----- Information shown

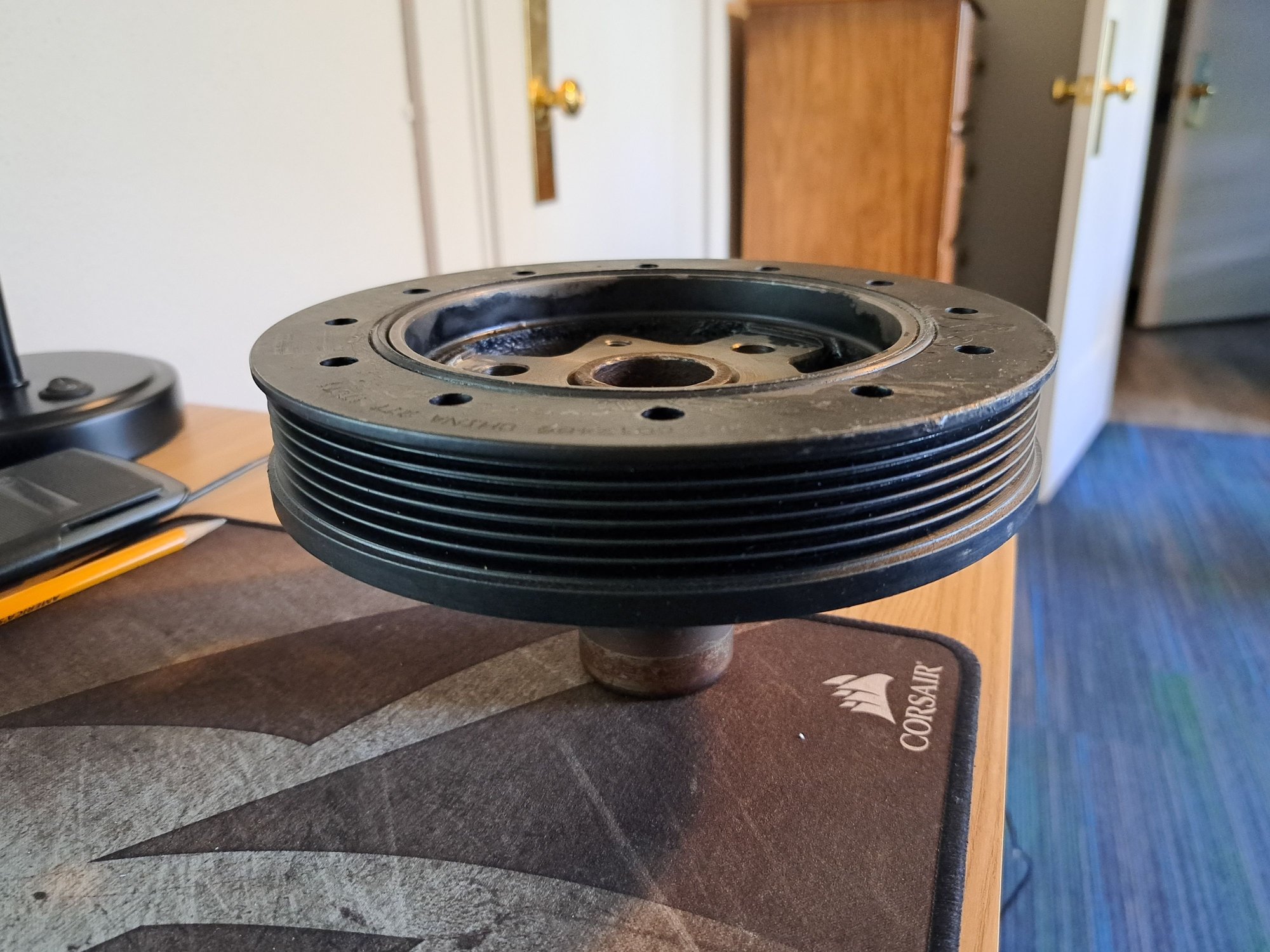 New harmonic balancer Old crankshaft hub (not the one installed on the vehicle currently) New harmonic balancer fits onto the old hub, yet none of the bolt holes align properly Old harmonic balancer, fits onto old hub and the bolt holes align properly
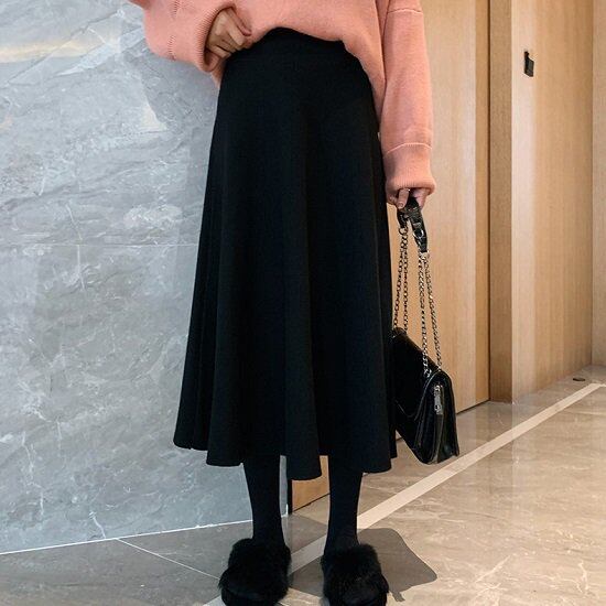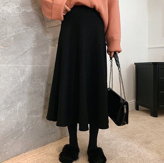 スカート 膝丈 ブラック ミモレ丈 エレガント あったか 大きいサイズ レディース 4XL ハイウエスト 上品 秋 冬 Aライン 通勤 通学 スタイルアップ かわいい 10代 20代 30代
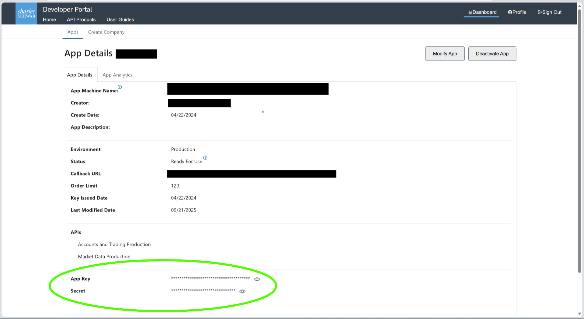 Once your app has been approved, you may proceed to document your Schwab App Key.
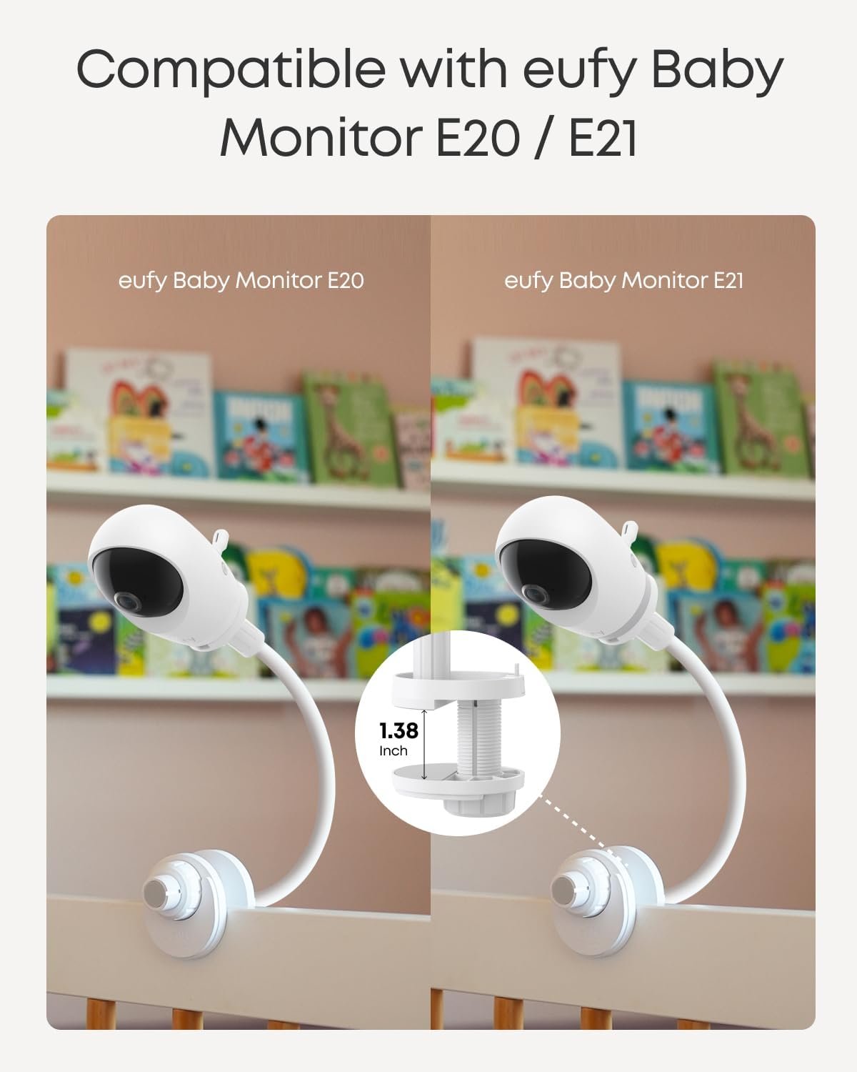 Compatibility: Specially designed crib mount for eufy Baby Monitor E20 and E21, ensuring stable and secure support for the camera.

----------

◆ **Task item**
Please output the entire listing above verbatim and omit its images.

◆ **Response**
 New harmonic balancer Old crankshaft hub (not the one installed on the vehicle currently) New harmonic balancer fits onto the old hub, yet none of the bolt holes align properly Old harmonic balancer, fits onto old hub and the bolt holes align properly
 スカート 膝丈 ブラック ミモレ丈 エレガント あったか 大きいサイズ レディース 4XL ハイウエスト 上品 秋 冬 Aライン 通勤 通学 スタイルアップ かわいい 10代 20代 30代
 Once your app has been approved, you may proceed to document your Schwab App Key.
 Compatibility: Specially designed crib mount for eufy Baby Monitor E20 and E21, ensuring stable and secure support for the camera.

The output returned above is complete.